More insight into the MCSSS, reposted from the Transportation Intermediaries Association (TIA), the premier organization for third-party logistics professionals in North America and abroad:
The motor carrier industry is currently lacking in clarity and a massive safety hole exists on selecting motor carriers to haul our nation’s freight. Currently, the Federal Motor Carrier Safety Administration (FMCSA) still utilizes an outdated physical audit process to determine a licensed motor carrier safety rating. The Agency uses internal data collected from individual States to prioritize motor carriers for interventions and safety audits. Because of limited resources available to the Agency, the Agency is only able to touch a small portion of the motor carrier population and assign safety ratings.
That leaves 85% of the 555,000 active motor carriers with an “unrated” safety rating. These motor carriers are not unsafe carriers by any means, and arguably some of the safest on the highways because they have not done anything egregious enough to warrant an audit from the Agency. Never-the-less motor carriers live in a state of limbo and shippers and 3PLs that utilize them have to second-guess the on determining are these motor carriers safe or not, subjecting them to unnecessary liability concerns. President Obama introduced a rulemaking (Safety Fitness Determination) toward the end of his second term that would have shifted the safety rating process from one of audit to a data driven process. Unfortunately, this rulemaking has been delayed indefinitely.
The safety aspect is only exacerbated because there is no Federal standard in place that shippers and 3PL must adhere to when selecting a motor carrier to complete a freight movement. There are over 3 million shippers and over 20,000 licensed 3PLs and freight forwarders selecting motor carriers daily, who should be required to check certain requirements of those motor carriers, before putting them on our nation’s roads and highways.
The National Motor Carrier Selection Standard would require that all entities selecting motor carriers be required to:
- properly registered with the Federal Motor Carrier Safety Administration (FMCSA);
- has obtained the minimum insurance; and
- has not been given an “unsatisfactory” safety rating.
This standard would ensure that over 3 million entities that select motor carriers have the clarity they need to select a safe motor carrier or be held liable for negligent selection of a motor carrier if they do not follow the standard.
The legislation would also require the Agency to move forward with the Safety Fitness Determination (SFD) rulemaking that would update the safety rating process and bring it into modern times and remove all the confusion and conflicting status of motor carriers.
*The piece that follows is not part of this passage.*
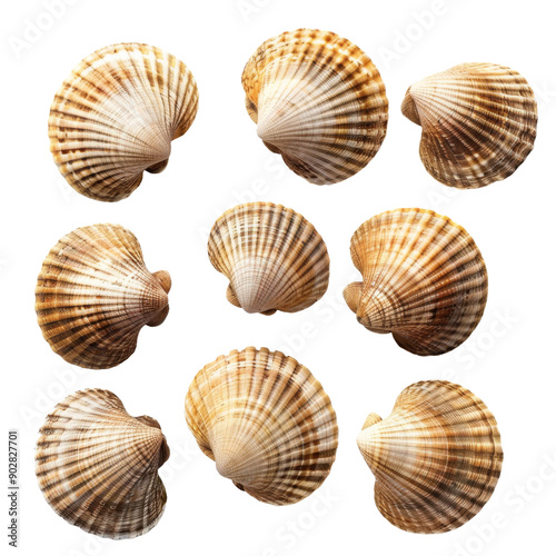 Soodap fresh and raw cockle shells arranged neatly against a white background, showcasing their natural colors and textures for seafood preparation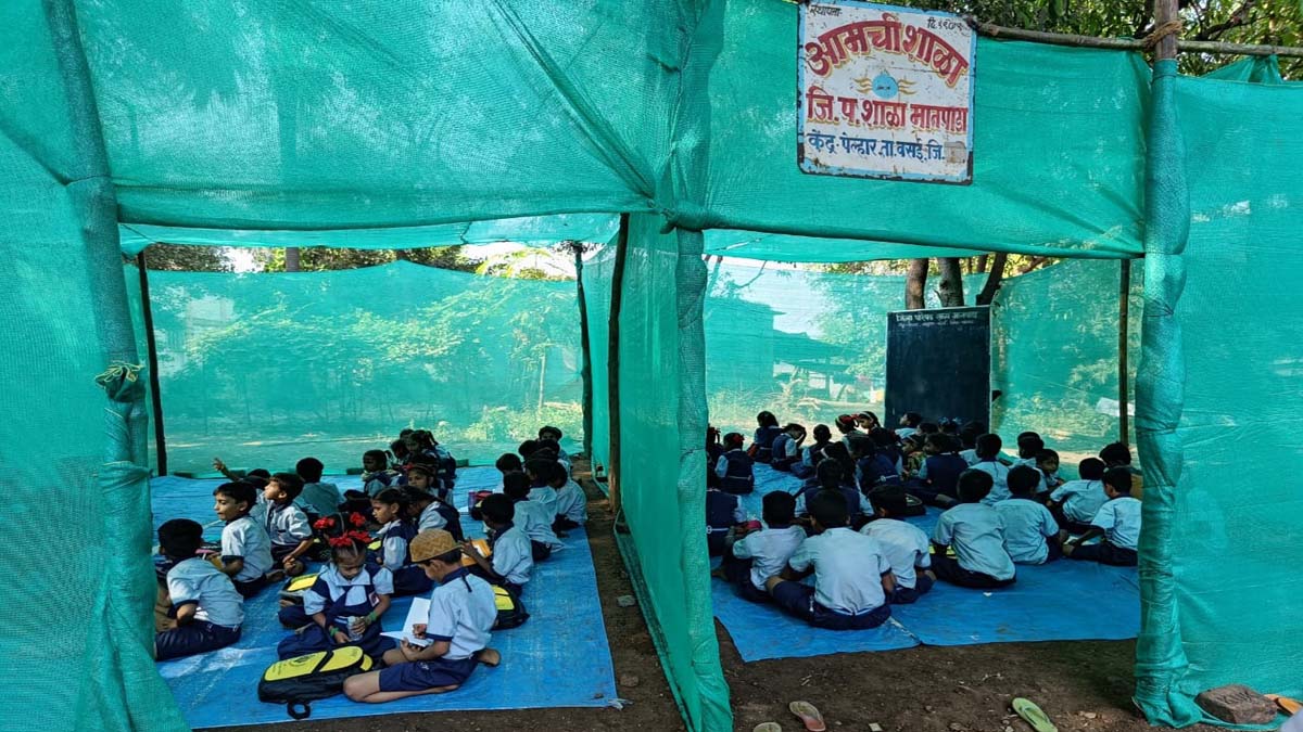 नालासोपारा पूर्व के पेल्हार क्षेत्र स्थित जिला परिषद के मानपाड़ा स्कूल में पेड़ों से लटके बैनर, उनके सामने रखे गए बोर्ड और उसके बीच अवकाश के दौरान गांव में घूमते छात्र नजर आ रहे हैं। जून माह में इस स्कूल का भवन गिर जाने के बाद से इस स्कूल में पढ़ने वाले 110 छात्र पिछले बरसात से ही खुले में पढ़ाई कर रहे हैं।

Essentially, the rulemaking would implement a “red-light/green light” for entities selecting motor carriers.
The legislation does not reduce or eliminate liability for shippers and 3PLs selecting motor carriers nor does it reduce an individual’s right to bring forward a lawsuit. The language is not tort reform, it is a common-sense solution to address a huge safety concern in the industry, while eliminating confusion in the marketplace.